Everything in the records below from the line containing "In 2010, the" through the line containing "- 5-дюймовий портативний" is to be reproduced exactly, those two lines included; no picture is to be copied.

Records shown:
§

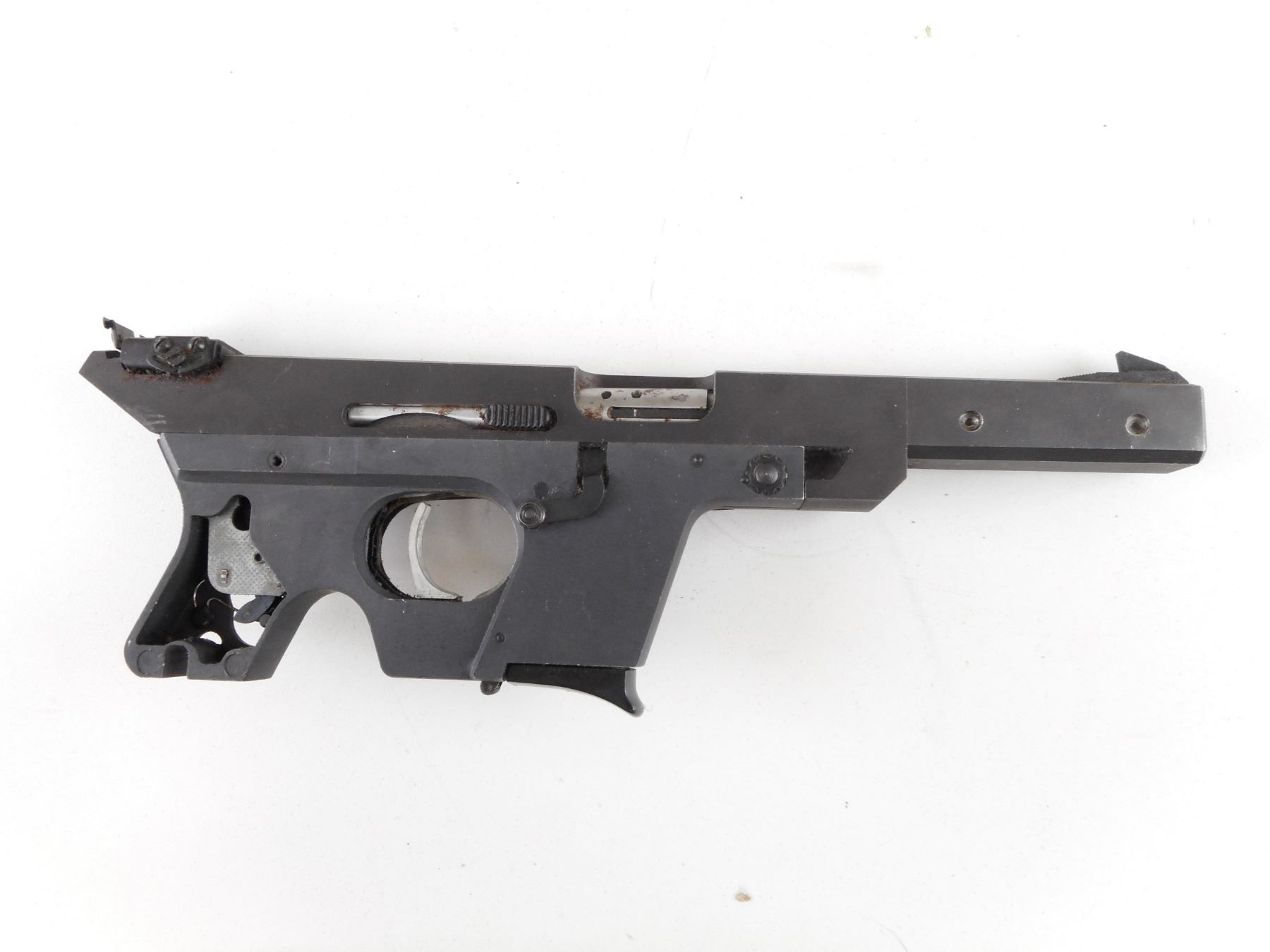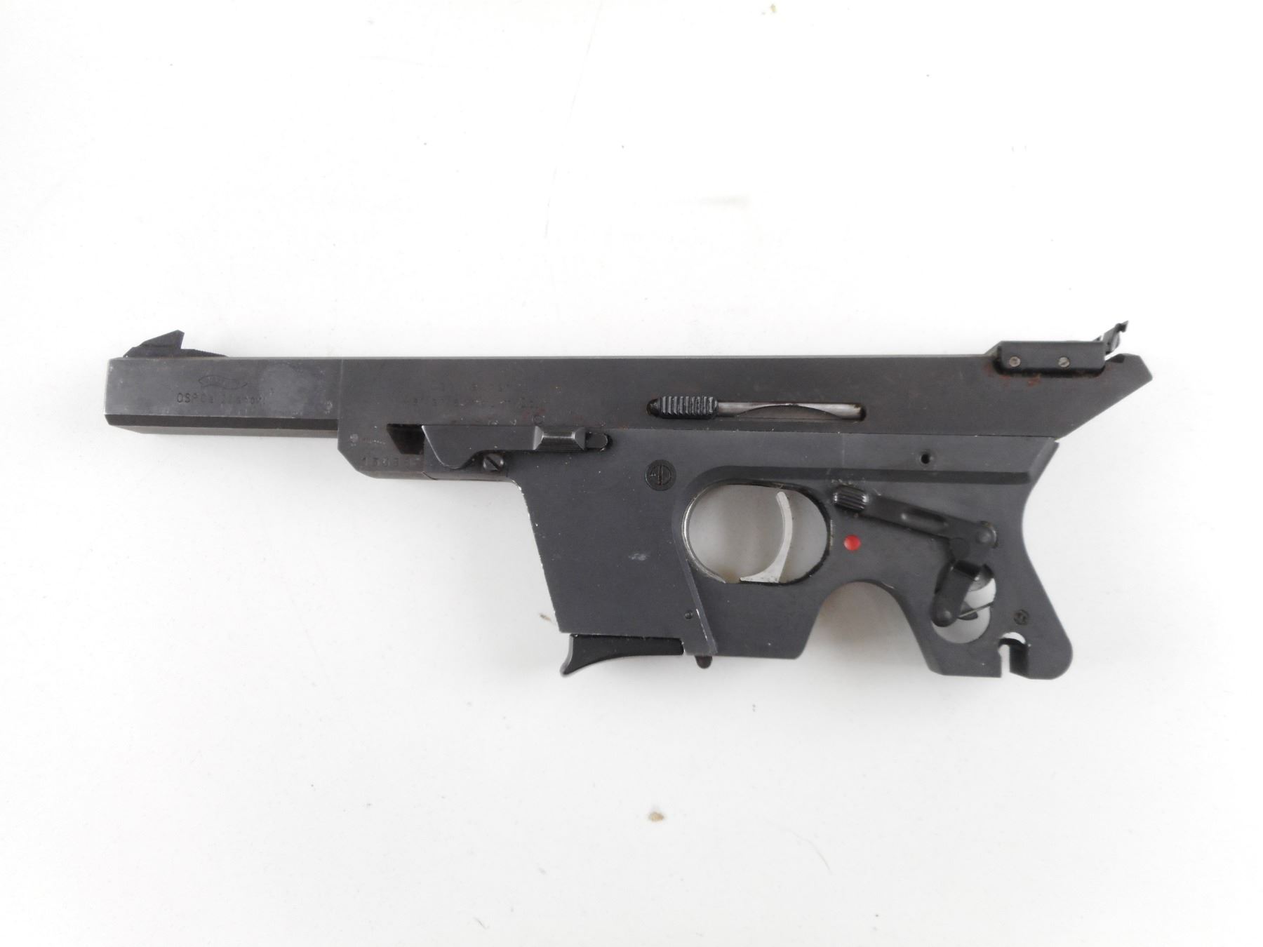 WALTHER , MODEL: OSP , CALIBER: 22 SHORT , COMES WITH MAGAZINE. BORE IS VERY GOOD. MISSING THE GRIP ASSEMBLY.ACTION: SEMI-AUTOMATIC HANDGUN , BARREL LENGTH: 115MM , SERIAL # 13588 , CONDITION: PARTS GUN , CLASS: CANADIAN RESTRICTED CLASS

§

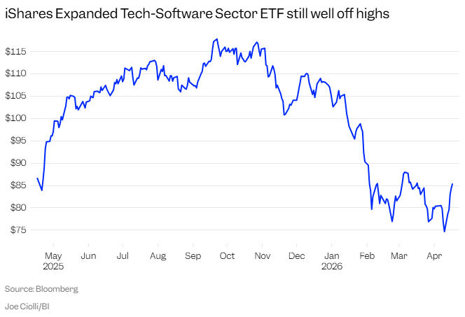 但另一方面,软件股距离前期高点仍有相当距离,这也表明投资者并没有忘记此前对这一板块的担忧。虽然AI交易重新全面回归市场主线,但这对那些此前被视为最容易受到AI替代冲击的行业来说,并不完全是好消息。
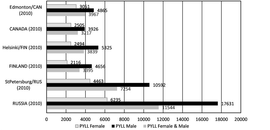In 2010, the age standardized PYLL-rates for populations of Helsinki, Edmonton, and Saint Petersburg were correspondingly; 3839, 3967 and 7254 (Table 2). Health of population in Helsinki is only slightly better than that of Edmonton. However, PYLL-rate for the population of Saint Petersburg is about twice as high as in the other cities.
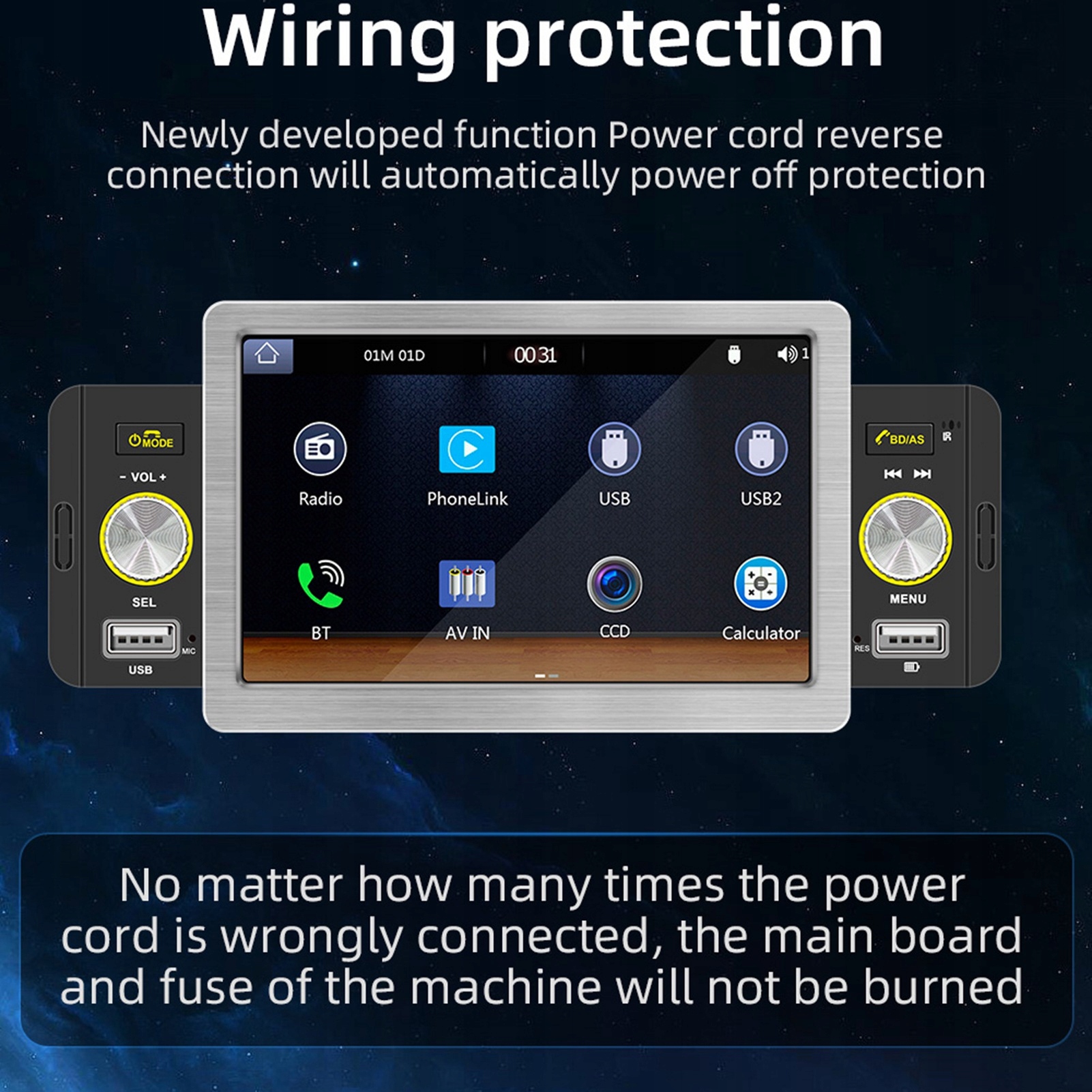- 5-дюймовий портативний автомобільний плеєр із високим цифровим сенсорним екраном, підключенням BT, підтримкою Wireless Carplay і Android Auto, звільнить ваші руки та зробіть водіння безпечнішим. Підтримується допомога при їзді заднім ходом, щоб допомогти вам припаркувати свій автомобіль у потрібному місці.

§

Reply:
In 2010, the age standardized PYLL-rates for populations of Helsinki, Edmonton, and Saint Petersburg were correspondingly; 3839, 3967 and 7254 (Table 2). Health of population in Helsinki is only slightly better than that of Edmonton. However, PYLL-rate for the population of Saint Petersburg is about twice as high as in the other cities.
- 5-дюймовий портативний автомобільний плеєр із високим цифровим сенсорним екраном, підключенням BT, підтримкою Wireless Carplay і Android Auto, звільнить ваші руки та зробіть водіння безпечнішим. Підтримується допомога при їзді заднім ходом, щоб допомогти вам припаркувати свій автомобіль у потрібному місці.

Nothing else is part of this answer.